====== Records for the task ======

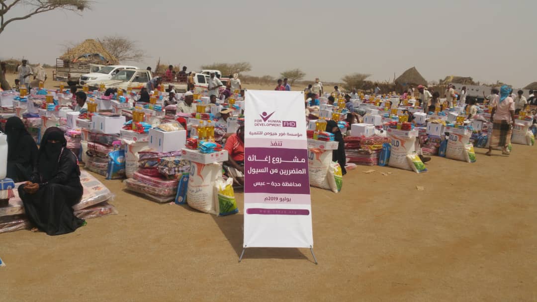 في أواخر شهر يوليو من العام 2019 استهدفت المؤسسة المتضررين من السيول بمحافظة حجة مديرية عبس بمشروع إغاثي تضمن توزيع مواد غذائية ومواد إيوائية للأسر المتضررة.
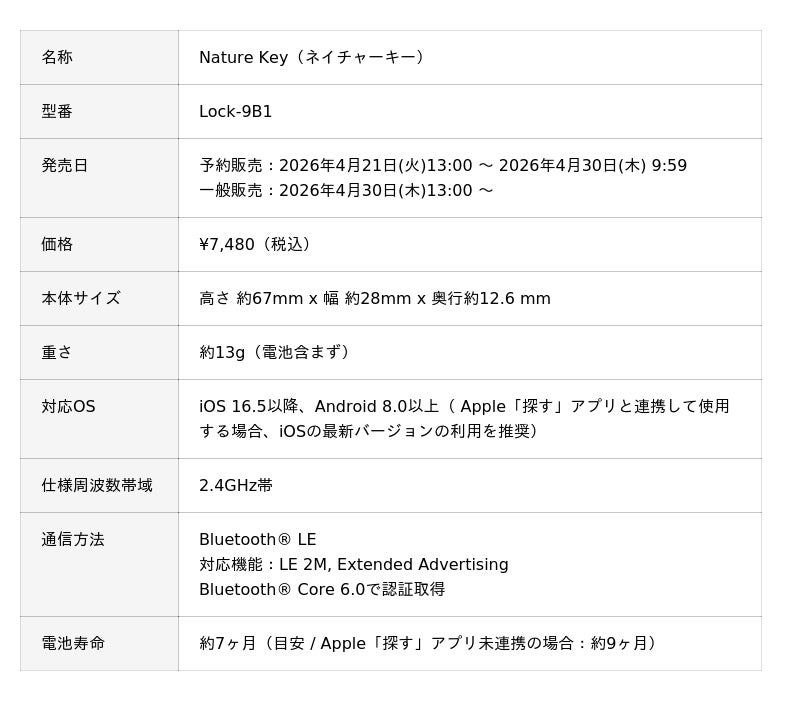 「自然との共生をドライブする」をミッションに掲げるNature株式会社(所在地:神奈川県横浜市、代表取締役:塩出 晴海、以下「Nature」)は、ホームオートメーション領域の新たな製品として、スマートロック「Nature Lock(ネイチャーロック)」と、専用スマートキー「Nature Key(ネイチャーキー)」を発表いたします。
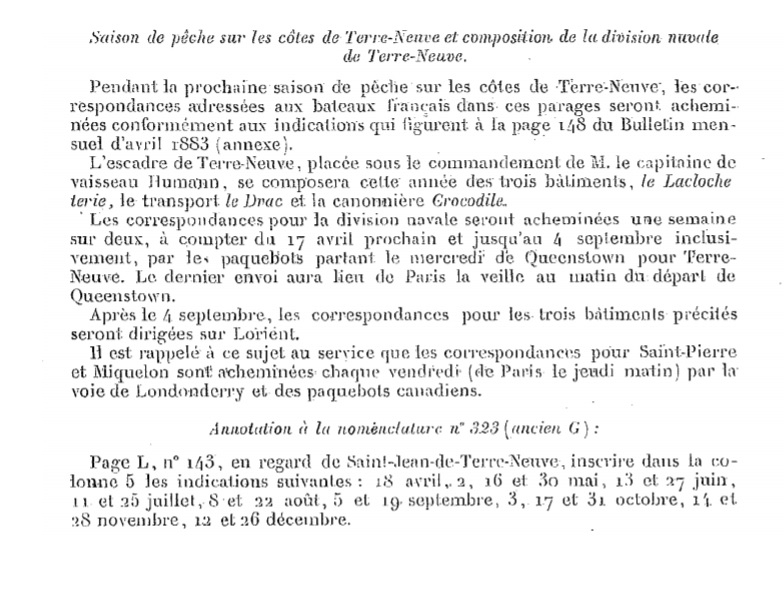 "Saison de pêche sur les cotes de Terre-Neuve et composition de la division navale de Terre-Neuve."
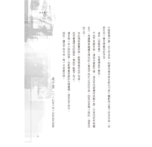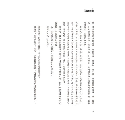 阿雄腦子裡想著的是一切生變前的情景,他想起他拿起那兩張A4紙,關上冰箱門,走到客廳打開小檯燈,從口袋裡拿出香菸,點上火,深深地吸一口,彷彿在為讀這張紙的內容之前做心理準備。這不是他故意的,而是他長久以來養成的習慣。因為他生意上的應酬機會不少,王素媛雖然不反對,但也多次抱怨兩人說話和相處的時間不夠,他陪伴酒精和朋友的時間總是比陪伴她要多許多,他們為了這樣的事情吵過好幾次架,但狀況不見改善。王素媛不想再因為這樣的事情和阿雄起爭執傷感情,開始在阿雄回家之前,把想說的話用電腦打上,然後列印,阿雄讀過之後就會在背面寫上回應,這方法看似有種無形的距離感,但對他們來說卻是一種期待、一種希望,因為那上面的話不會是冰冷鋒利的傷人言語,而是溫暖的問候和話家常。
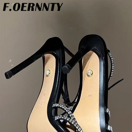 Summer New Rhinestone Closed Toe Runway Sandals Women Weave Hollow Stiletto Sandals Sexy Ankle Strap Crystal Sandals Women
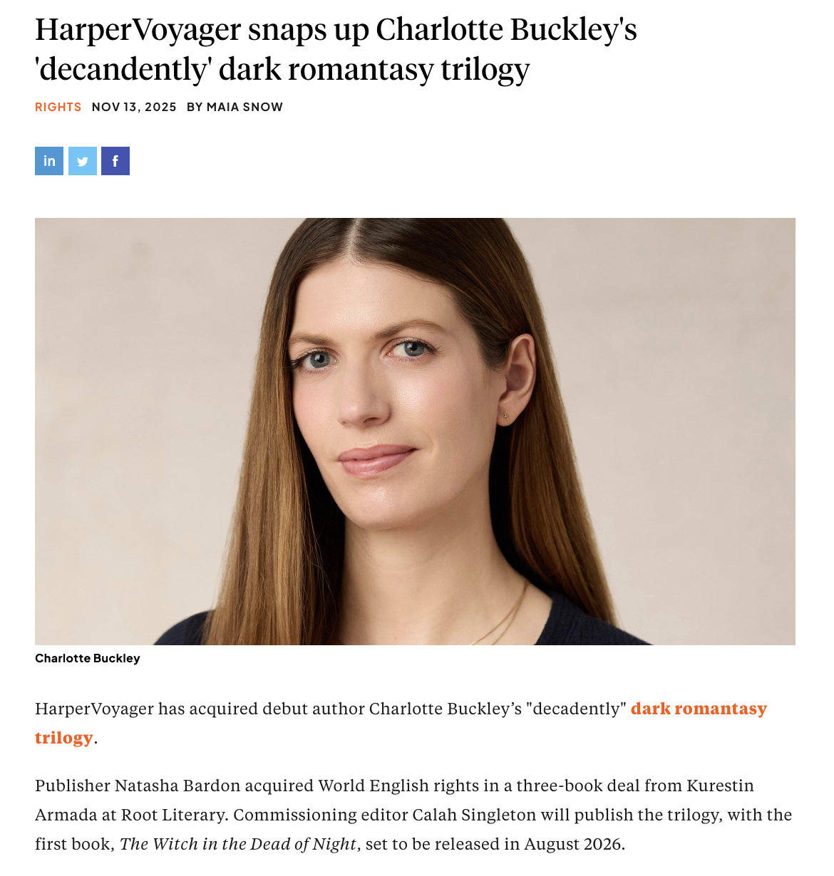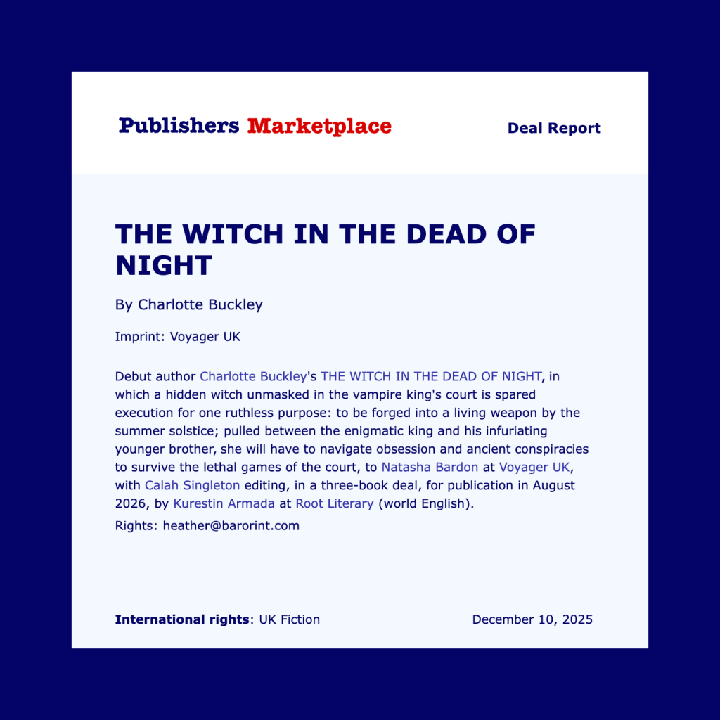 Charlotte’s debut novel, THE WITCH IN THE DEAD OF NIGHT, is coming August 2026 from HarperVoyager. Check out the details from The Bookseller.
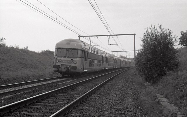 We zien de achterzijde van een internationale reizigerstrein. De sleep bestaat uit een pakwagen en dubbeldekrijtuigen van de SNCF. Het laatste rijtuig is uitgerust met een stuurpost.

======

§ **Exercise prompt**
All that is wanted is the lines above between the one containing "de pêche sur" and the one containing "阿雄腦子裡想著的是一切生變前", inclusive, restated word for word, with pictures omitted.

§ **Solution to this exercise**
 "Saison de pêche sur les cotes de Terre-Neuve et composition de la division navale de Terre-Neuve."
 阿雄腦子裡想著的是一切生變前的情景,他想起他拿起那兩張A4紙,關上冰箱門,走到客廳打開小檯燈,從口袋裡拿出香菸,點上火,深深地吸一口,彷彿在為讀這張紙的內容之前做心理準備。這不是他故意的,而是他長久以來養成的習慣。因為他生意上的應酬機會不少,王素媛雖然不反對,但也多次抱怨兩人說話和相處的時間不夠,他陪伴酒精和朋友的時間總是比陪伴她要多許多,他們為了這樣的事情吵過好幾次架,但狀況不見改善。王素媛不想再因為這樣的事情和阿雄起爭執傷感情,開始在阿雄回家之前,把想說的話用電腦打上,然後列印,阿雄讀過之後就會在背面寫上回應,這方法看似有種無形的距離感,但對他們來說卻是一種期待、一種希望,因為那上面的話不會是冰冷鋒利的傷人言語,而是溫暖的問候和話家常。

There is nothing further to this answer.